Geheimnisse, Verrat, Verführung - und jede Menge Magie. Von der TikTok-Sensation zum Fantasy-Bestseller: Der Auftaktband zu Olivie Blakes spektakulärer Dark-Academia-Trilogie.
Die Bibliothek von Alexandria ist nicht untergegangen, sie verwahrt im Verborgenen seit Tausenden von Jahren die dunkelsten Geheimnisse. Alle zehn Jahre bekommen die talentiertesten Magier*innen ihrer Generation die Möglichkeit, das uralte Wissen zu studieren: Jene, die die Initiation überstehen, erwartet ungeheurer Reichtum, Macht und Weisheit. Doch von den sechs Auserwählten werden nur fünf überleben. 

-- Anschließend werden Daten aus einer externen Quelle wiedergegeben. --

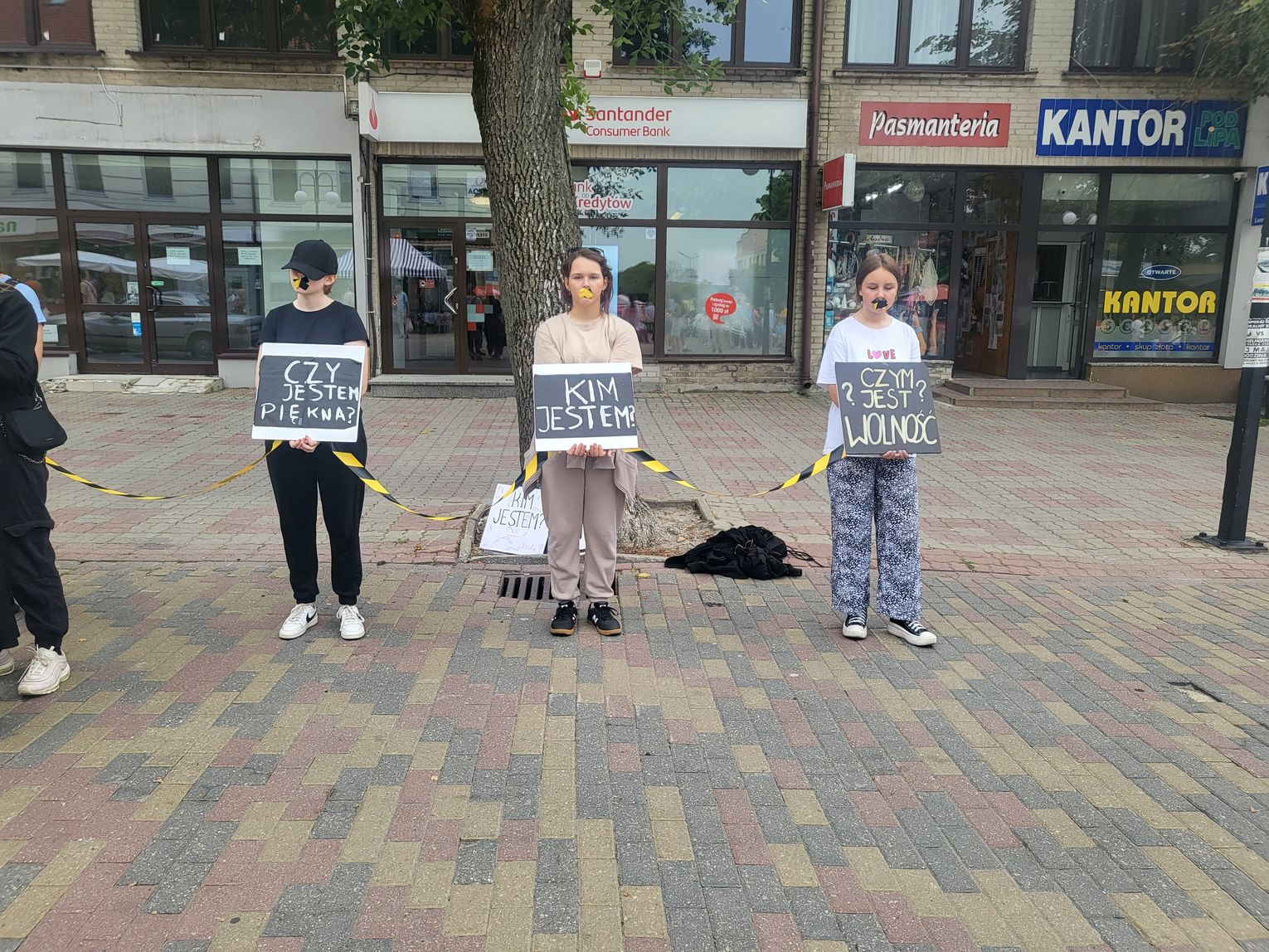 Od kilku dni na chełmskim deptaku można zastać niecodzienny widok. Stoją tam młodzi ludzie, mają ręce związane taśmą i zaklejone usta. Trzymają tablice, na których widnieją hasła: "Czy jestem piękna?", "Czym jest wolność?", "Kim jestem?".
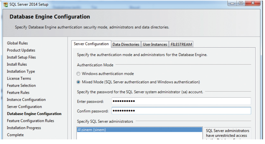 Veritabanı Motoru Yapılandırması (Database Engine Configuration): Bu adımda, MS SQL Server 2014 veritabanı motoru servisine yönetici olarak erişirken kullanılacak kimlik doğrulama yöntemi belirlenir. Resimde gösterilen “Mixed Mode (SQL Server authentication and Windows authentication)” seçeneği ile hem Windows kullanıcılarını hem de SQL kullanıcısı tanımlanarak devam edilebilir. “Data Directions” sekmesinde veritabanı, veri, yedek gibi içeriklerin bulunacağı varsayılan dizinler listelenir. İstenilen değişiklikler yapılabilir.
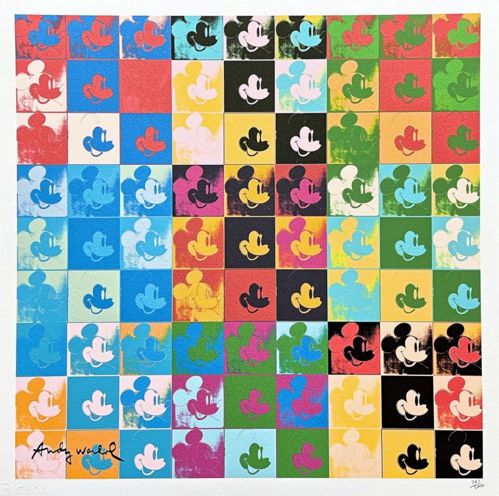 - Andy Warhol - Mickey Mouse barevná koláž 361/500 - signováno, 50x50cm, limitovaná edice CMOA s certifikátem
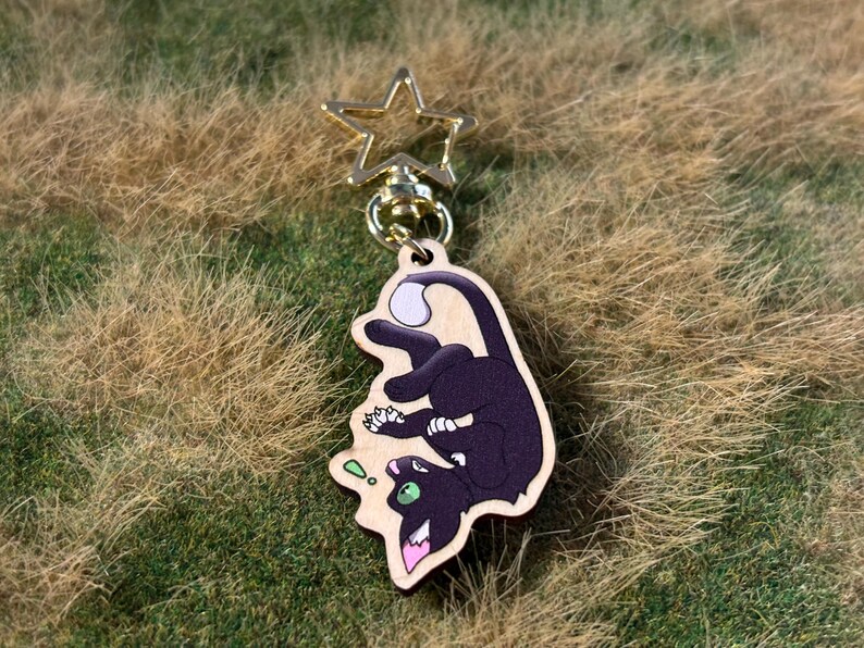 Each keychain is roughly 2 inches tall, made of wood, and all of them have a little star clasp.
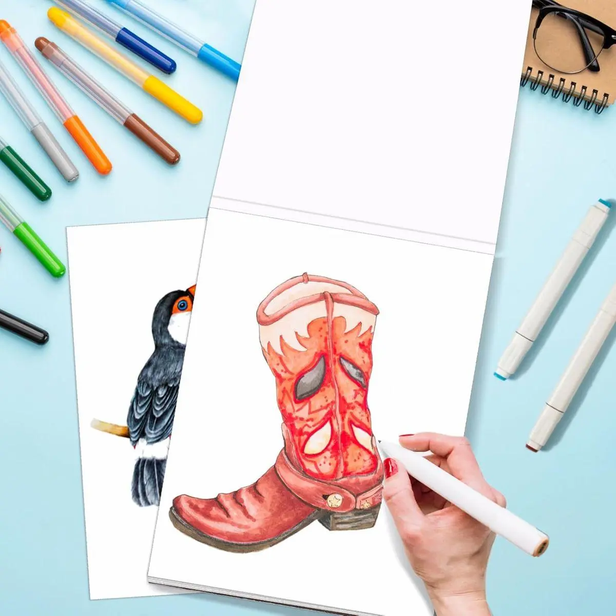 [Professional Marker Paper] Our professional-grade bleedproof sketchbook features a sturdy, Anti-bleed coating prevents 99% of ink penetration, perfect for markers, alcohol markers, water-based markers, gel pens, and fine liners. Studio-grade paper preserves crisp lines and vibrant gradients
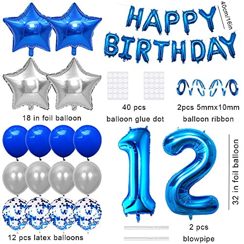 Xihuimay 12th Birthday Decoration Happy Birthday Banner Balloon 12 Year Old Birthday Party Supplies Helium Balloons 32′ Number 12 Balloon Confetti Latex Balloon Star Heart Foil Balloon, Blue Silver
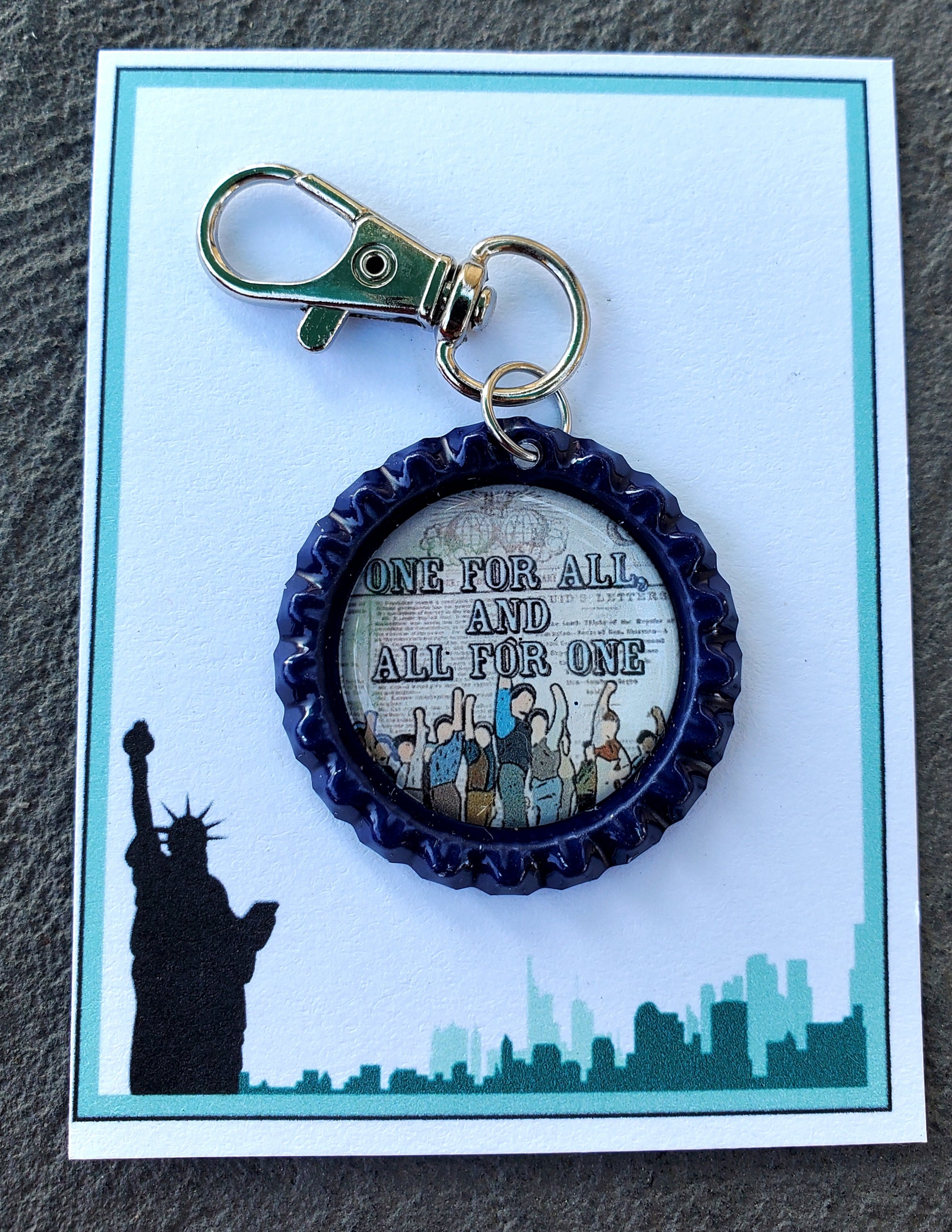 Der mitreißende Text „Einer für alle, alle für einen!“ ist auf diesem Schlüsselanhänger aus Kronkorken zu finden! Er ist das perfekte Geschenk für Ihre Besetzung, für Darsteller am Bühneneingang oder als einzigartiges Andenken an die Premiere oder die Abschlussvorstellung.
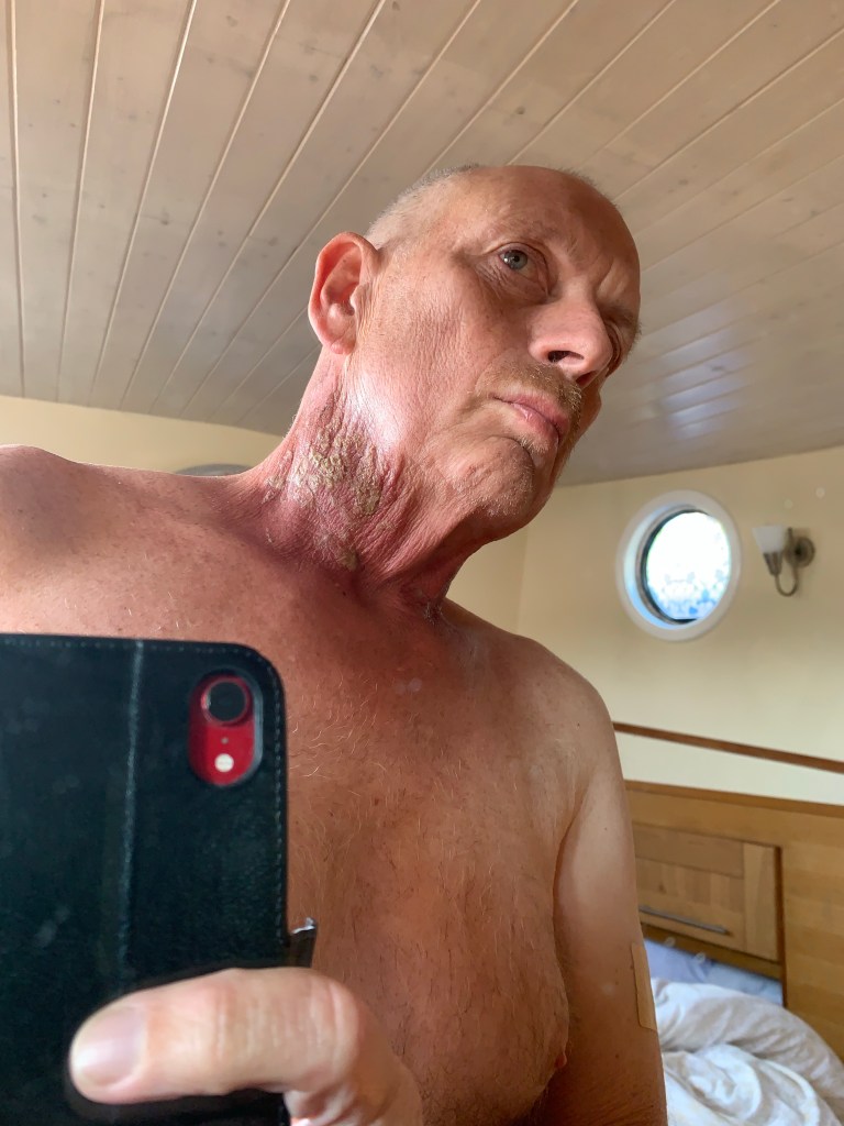 By the end of February (2021) I discovered a lump at the side of my neck. It was like an Adam’s apple and wasn’t a boil. I went to my GP, but because I’d moved on to a boat and I’m so lackadaisical with paperwork, the doctor wasn’t going to see me as I was no longer in their patch. I stood my ground and to be fair to them, they did see me.
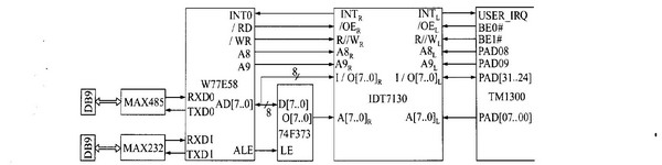 外围扩展单元原理图如图4 所示, 以WINBOND公司的具有两个串口的单片机W77E58 为核心, 扩展IDT7130 双口RAM ,MAX232 和MAX485. W77E58 通过串口0 根据RS-485 接口标准实现对摄像头及云台的控制,通过串口1 传送RS-232 透明数据 . W77E58 和TM1300 (1) 之间通过自定简单协议对双口RAM进行存取,从而相互传递控制信息和数据. 外围扩展单元的功能是通过对W77E58 编程来实现的,为了提高程序运行的可靠性,在我们的单片机程序开发中还使用了看门狗定时器.
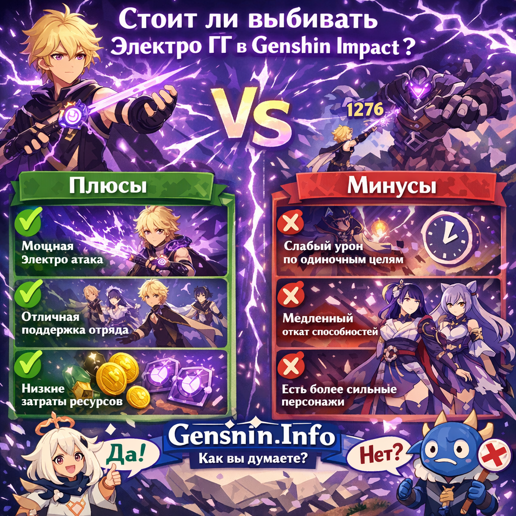- 1. Низкий Личный Урон (По сравнению с другими ГГ): По сравнению с Гео ГГ (который может быть мощным DPS на ранних этапах) или Анемо ГГ (который невероятно увеличивает урон всей команды через сетки Вихрей), Электро ГГ – это в первую очередь Инструмент, а не Боевая Единица. Его личный урон часто уступает урону других четырехзвездочных Электро персонажей (Фишль, Бэйдоу, даже Куки);
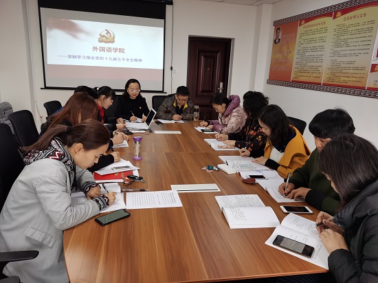 為深入學(xué)習(xí)貫徹黨的十九屆五中全會(huì)精神,準(zhǔn)確把握全會(huì)的精神實(shí)質(zhì)和重大部署,外國語學(xué)院黨總支組織全體黨員開展專題學(xué)習(xí)。
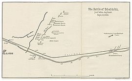 At around the same time as the first battle at Kassassin, the British scored a major success with the capture of the Egyptian chief military engineer, General Mahmoud Fehmy.[11] The exact circumstances of his capture are unclear - according to one account, he had changed into civilian clothes due to the heat, and had gone for a walk accompanied by only one other officer when he was ambushed by a group of British cavalrymen.[12] The loss of Fehmy was "a blow to the defence of Tel-el-Kebir for which there was no remedy", for the highly-regarded General had only recently arrived to oversee the construction of fortifications at the site.[13]
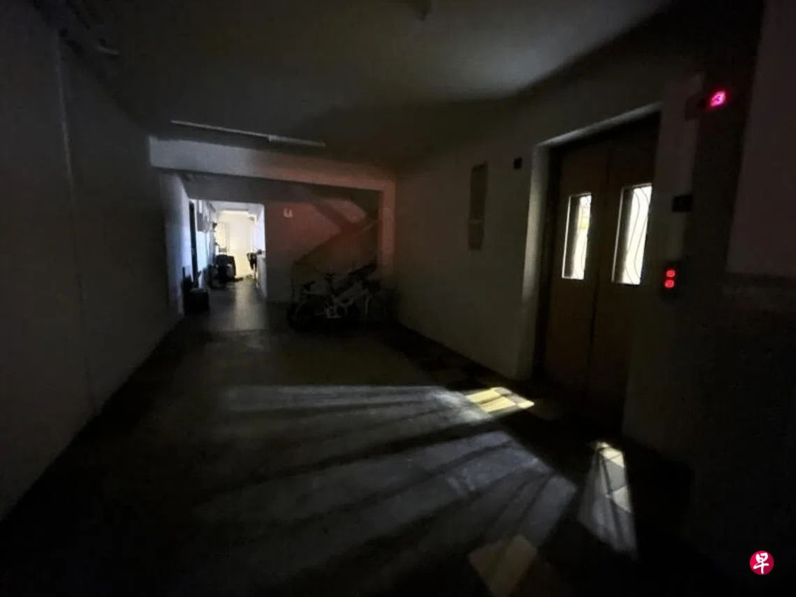 武吉班让组屋局部停电逾两小时,12座组屋底层和走廊陷入黑暗,居民摸黑回家,担心年长者跌倒。
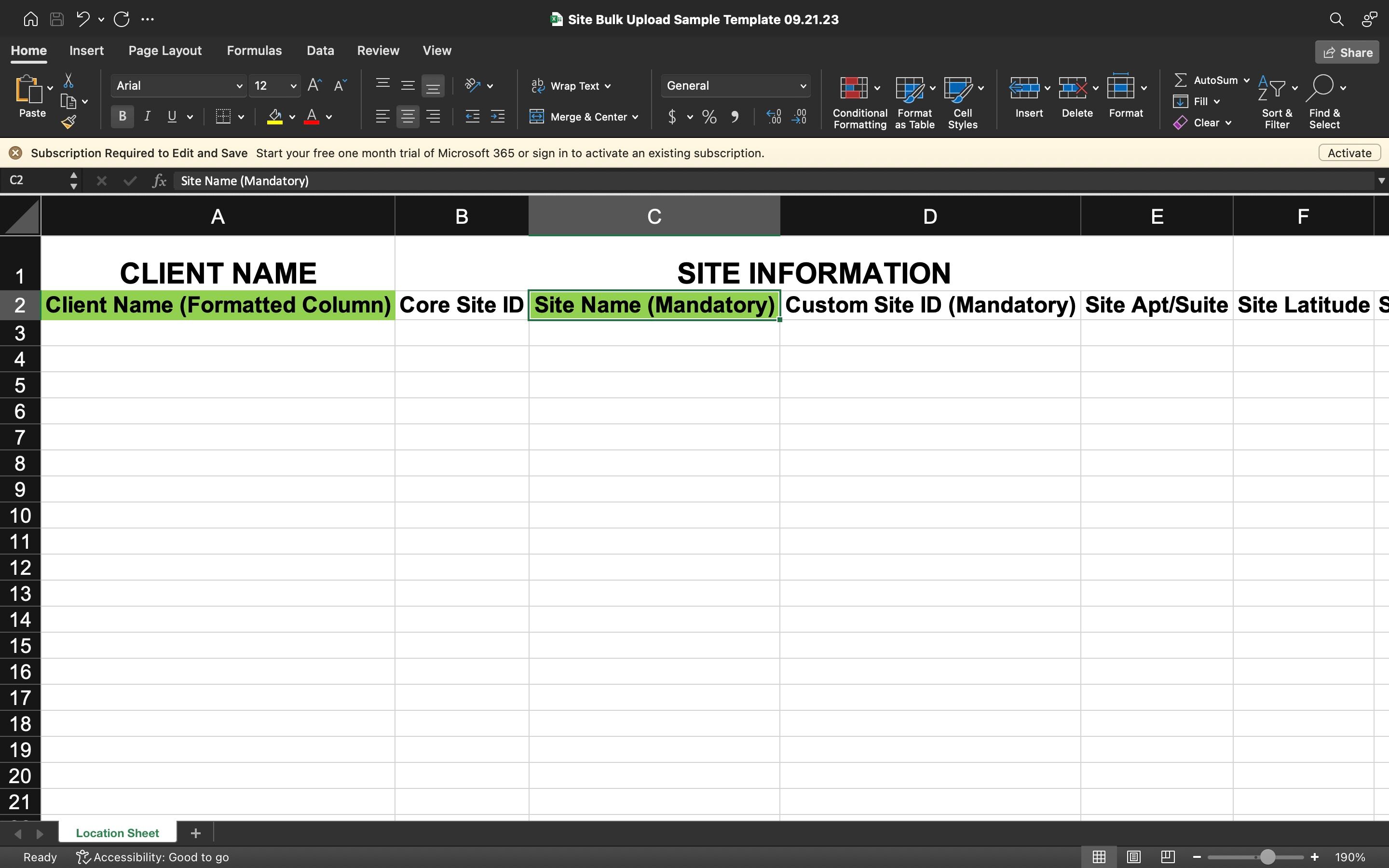 Note: The Client name should match with the Client name you entered in UtilizeCore. That includes every "," & "." too. Cells that have a "Mandatory" word are important and cannot be left empty in order to upload the file successfully. The Client Name should be the same as Public Profile Name

Dieses Mal sind mit dabei: Libby Rhodes und Nico de Varona, zwei begnadete Magier von der New York School of Magic, die sich gegenseitig nicht ausstehen können. Die Telepathin Parisa Kamali und der Empath Callum Nova, beide Meister der Manipulation. Tristan Caine, der zynische Sohn eines Londoner Gangsters, der jede Illusion durchschauen kann und Reina Mori, eine mysteriöse Elementarmagierin aus Japan.
Zwischen den mächtigen Adepten beginnt ein Spiel auf Leben und Tod.
Für Leser*innen von Leigh Bardugo, Cassandra Clare oder Sarah J. Maas


»The Atlas Six versetzt sechs ebenso gerissene wie begabte Charaktere in eine magische Bibliothek und lässt sie gegeneinander antreten. Was folgt, ist ein wunderbarer Wettstreit des Intellekts, der Leidenschaften und der Magie – halb Krimi, halb Fantasymysterium und von Anfang bis Ende eine wahre Freude.« (Holly Black)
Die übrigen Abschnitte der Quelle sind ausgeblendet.